Die neue Ausrichtung der Küche bleibt allerdings ein Drahtseilakt, da es gilt, einer Vielzahl an voneinander abweichenden Vorstellungen und Wünschen seitens der Stammgäste gerecht zu werden. Unter diesen befinden sich mit Sicherheit etliche Habitués, die sehr konservativ denken, gegenüber Neuerungen nicht allzu aufgeschlossen sind und bisweilen allein wegen Heinz Winkler hier einkehrten. Andererseits darf die Küche nicht zu museal erscheinen, wenn man die dringend benötigten neuen, jüngeren Gäste akquirieren möchte, ohne die man über kurz oder lang nicht wird auskommen können – diese versucht man offenbar neuerdings mit attraktiven Angeboten zu Vorzugspreisen zu locken. Es scheint, dass in den letzten Monaten somit eine Art Mittelweg eingeschlagen wurde, mit dem man versucht, es möglichst vielen Gästen recht zu machen.
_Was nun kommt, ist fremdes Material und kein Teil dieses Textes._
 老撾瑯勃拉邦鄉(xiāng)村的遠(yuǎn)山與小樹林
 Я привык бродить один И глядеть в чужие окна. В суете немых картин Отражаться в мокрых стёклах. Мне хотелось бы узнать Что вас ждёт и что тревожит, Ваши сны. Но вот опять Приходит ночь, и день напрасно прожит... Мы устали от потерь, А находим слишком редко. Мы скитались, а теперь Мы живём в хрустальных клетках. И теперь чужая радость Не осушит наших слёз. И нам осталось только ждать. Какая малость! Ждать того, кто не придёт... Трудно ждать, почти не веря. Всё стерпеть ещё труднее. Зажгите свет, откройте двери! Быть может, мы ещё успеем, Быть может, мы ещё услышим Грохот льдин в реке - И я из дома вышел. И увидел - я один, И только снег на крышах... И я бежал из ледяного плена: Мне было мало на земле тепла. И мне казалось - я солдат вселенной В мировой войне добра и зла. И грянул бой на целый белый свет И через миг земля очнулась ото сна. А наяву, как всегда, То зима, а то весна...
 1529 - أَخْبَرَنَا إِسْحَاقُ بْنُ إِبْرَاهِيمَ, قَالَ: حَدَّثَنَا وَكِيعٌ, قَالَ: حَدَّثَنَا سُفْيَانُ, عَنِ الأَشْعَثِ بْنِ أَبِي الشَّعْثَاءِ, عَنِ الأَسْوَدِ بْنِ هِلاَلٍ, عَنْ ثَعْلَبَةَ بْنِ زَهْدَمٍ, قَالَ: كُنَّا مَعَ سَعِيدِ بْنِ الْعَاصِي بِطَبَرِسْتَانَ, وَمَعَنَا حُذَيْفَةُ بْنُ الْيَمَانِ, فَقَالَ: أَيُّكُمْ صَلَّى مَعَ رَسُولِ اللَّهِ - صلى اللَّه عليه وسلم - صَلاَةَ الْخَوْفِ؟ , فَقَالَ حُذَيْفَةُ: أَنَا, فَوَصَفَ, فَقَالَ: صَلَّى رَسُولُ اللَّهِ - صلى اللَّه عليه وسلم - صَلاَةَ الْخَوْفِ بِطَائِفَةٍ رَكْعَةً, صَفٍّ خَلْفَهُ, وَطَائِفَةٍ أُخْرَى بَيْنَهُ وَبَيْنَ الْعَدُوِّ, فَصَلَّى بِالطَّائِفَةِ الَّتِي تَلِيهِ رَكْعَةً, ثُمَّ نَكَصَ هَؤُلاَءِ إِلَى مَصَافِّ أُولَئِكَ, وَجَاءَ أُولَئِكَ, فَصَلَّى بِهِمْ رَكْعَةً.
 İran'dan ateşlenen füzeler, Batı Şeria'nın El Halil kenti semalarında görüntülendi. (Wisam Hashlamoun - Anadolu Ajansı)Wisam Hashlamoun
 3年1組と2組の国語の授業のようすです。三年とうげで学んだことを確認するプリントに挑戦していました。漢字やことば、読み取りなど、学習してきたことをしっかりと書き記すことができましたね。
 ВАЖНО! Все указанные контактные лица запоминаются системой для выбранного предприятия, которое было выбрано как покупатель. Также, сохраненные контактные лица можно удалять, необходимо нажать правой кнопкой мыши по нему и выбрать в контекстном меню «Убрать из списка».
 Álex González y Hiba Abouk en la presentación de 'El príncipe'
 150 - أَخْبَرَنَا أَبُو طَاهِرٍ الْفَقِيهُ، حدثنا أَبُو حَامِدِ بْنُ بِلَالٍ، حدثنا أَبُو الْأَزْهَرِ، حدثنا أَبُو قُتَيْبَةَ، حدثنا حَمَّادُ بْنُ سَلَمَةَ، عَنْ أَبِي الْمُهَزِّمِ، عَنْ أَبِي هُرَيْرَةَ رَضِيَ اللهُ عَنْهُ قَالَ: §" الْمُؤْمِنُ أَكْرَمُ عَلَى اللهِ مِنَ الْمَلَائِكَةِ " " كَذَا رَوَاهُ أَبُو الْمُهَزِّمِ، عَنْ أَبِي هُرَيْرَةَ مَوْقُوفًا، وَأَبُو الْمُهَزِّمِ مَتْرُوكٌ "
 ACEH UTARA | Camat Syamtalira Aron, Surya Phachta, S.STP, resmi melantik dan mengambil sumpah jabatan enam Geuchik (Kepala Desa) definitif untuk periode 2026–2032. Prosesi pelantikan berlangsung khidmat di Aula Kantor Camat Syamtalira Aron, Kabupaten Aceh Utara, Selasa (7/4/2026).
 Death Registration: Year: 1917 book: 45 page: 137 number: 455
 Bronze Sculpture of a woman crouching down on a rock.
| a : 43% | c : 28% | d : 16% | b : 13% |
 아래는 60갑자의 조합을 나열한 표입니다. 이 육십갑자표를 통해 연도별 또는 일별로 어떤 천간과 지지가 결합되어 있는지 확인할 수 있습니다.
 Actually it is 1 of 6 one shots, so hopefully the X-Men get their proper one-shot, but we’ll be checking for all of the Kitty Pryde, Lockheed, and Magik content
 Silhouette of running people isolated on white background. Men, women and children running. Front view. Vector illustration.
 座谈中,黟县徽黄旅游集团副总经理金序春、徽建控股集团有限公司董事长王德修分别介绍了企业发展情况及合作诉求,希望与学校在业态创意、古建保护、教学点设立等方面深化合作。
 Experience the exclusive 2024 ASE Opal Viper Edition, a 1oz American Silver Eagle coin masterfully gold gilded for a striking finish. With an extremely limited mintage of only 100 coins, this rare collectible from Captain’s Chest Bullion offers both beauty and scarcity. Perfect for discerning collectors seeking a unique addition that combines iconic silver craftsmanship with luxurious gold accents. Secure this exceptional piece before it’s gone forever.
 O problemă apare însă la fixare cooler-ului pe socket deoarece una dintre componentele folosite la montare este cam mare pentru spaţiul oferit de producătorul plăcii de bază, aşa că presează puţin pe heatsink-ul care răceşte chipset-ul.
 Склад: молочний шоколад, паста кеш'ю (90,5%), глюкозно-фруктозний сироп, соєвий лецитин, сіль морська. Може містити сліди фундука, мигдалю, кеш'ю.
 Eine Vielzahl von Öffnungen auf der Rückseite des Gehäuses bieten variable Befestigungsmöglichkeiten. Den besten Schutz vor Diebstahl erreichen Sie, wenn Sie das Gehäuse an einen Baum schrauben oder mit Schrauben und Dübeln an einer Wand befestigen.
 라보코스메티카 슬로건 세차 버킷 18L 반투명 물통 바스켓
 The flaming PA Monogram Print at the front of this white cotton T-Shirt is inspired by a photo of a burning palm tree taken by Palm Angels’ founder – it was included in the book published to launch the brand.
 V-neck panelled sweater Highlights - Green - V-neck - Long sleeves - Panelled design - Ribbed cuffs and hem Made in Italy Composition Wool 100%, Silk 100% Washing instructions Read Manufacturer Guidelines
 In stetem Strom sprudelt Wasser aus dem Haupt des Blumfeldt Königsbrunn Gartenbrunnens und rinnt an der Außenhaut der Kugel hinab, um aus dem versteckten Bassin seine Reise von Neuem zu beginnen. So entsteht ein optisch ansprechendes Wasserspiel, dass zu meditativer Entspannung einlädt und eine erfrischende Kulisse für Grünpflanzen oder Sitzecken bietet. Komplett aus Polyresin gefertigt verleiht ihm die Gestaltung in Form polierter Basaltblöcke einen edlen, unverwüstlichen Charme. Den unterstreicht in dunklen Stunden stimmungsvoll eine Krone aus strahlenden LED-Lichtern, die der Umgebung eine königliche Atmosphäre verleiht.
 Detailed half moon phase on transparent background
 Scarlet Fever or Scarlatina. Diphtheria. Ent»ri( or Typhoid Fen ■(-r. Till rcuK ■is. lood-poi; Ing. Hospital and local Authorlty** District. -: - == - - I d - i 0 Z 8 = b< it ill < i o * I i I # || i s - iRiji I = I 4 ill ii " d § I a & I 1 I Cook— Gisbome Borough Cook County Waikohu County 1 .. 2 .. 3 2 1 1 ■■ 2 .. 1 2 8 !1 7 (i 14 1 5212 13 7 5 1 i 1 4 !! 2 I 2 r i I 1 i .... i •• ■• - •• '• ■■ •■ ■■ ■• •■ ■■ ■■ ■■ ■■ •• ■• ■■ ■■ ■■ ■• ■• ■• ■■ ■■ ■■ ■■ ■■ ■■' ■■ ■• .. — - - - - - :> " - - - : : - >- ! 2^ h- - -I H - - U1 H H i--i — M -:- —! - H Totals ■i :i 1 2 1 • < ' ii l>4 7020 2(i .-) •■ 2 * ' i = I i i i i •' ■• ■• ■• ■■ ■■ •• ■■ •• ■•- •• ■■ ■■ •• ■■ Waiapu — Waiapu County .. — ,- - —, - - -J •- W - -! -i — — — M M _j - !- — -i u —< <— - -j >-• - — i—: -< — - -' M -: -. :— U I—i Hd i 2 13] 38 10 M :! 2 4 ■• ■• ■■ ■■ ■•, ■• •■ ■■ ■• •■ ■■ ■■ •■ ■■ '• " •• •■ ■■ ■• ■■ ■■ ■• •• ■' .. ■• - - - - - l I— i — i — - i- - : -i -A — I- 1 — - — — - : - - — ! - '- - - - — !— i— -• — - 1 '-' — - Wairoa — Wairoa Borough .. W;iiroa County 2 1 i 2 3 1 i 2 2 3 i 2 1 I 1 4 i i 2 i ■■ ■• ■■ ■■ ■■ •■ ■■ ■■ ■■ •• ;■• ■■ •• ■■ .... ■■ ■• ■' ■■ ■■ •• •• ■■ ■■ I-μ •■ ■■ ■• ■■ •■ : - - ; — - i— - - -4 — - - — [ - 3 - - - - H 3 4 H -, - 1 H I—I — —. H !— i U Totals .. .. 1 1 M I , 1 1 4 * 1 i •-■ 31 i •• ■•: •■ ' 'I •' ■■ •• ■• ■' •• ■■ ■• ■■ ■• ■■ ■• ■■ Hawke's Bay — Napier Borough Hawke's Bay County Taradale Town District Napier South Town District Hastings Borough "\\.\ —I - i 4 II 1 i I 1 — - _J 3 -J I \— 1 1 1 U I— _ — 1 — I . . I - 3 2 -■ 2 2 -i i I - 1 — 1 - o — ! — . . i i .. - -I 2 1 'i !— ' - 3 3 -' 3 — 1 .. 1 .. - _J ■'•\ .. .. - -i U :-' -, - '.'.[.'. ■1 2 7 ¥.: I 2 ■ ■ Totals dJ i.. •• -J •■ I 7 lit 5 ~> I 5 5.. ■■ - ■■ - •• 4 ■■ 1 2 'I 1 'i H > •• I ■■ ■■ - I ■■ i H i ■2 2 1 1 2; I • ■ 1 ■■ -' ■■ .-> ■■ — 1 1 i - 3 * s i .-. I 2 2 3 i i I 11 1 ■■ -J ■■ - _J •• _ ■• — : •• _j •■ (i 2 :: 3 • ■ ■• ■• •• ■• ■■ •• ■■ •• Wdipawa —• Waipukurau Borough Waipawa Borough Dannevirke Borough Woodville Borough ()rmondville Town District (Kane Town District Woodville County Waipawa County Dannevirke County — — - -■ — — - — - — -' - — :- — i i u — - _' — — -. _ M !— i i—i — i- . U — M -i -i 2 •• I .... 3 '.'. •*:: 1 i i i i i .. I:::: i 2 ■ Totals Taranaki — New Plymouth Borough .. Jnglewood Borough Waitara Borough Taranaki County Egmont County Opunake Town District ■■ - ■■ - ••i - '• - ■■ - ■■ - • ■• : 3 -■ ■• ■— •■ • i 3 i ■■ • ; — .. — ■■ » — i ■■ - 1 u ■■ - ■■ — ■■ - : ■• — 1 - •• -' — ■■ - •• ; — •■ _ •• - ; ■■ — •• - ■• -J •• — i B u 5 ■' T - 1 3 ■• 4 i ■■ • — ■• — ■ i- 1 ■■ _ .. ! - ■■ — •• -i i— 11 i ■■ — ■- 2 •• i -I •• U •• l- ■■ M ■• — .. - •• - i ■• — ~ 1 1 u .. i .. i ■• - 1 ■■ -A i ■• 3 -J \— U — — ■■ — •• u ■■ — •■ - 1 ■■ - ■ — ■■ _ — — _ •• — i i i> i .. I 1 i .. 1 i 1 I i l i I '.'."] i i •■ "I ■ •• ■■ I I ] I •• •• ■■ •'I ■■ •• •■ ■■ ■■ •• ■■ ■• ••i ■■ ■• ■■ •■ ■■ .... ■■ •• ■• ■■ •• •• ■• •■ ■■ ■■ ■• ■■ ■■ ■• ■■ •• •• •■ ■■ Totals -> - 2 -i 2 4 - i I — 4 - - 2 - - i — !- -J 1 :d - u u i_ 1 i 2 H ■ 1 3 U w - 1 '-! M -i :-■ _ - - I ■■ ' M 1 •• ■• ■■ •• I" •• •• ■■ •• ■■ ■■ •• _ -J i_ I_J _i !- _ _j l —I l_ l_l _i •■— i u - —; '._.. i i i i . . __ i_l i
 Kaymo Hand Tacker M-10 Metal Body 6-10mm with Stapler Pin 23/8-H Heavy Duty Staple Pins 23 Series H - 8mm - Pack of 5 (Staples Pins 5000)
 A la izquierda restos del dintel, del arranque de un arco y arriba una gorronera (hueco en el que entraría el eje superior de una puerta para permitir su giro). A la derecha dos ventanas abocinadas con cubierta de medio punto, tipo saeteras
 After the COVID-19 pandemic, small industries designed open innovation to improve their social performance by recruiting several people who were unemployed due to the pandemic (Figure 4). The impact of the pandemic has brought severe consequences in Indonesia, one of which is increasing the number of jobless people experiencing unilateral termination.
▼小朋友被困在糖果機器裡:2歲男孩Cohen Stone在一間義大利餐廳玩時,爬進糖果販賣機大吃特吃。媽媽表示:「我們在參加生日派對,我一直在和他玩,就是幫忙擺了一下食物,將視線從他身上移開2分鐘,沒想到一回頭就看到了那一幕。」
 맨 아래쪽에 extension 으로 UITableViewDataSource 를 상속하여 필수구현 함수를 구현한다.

An einem speziellen Abend pro Jahr, der hier schon eine lange Tradition genießt, spielen derartige Überlegungen indes keine echte Rolle – nämlich dann, wenn es wieder soweit ist, die legendäre Entenpresse zum Einsatz kommen zu lassen. Bereits zu Heinz Winklers Lebzeiten hatte dieser Abend fast schon zeremoniellen Charakter und lockte Gäste an, die das altehrwürdige Utensil einmal persönlich beim Gebrauch erleben wollten. In den letzten Jahren fiel die Veranstaltung zwar öfters mal der Pandemie oder auch der Geflügelpest in Frankreich zum Opfer, aber heuer war es endlich wieder mal so weit. Im Vorfeld hatte man einen Abend ausgeschrieben, der einen Hauch vom legendären Pariser Restaurant La Tour d’Argent durch den Chiemgau würde wehen lassen: über ein halbes Jahrhundert hinweg hatte diese Institution der französischen Hochküche mit Paradeblick auf die Kathedrale Notre-Dame in Paris die drei Sterne gehalten und dank der Entenpresse illustre Gäste aller Art angelockt, darunter so weltbekannte Persönlichkeiten wie Königin Elisabeth II. von Großbritannien, Marilyn Monroe oder Maria Callas. Derzeit schmückt nur ein Macaron dieses Haus, aber der Weg in die Zukunft sieht nach einer dezenten Modernisierung trotz allem vielversprechend aus. Die berühmteste Illustration von Anno dazumal aus diesem Hause, die an diesem Abend auch ausgestellt ist, ziert der sichtlich angetane Salvador Dalí links.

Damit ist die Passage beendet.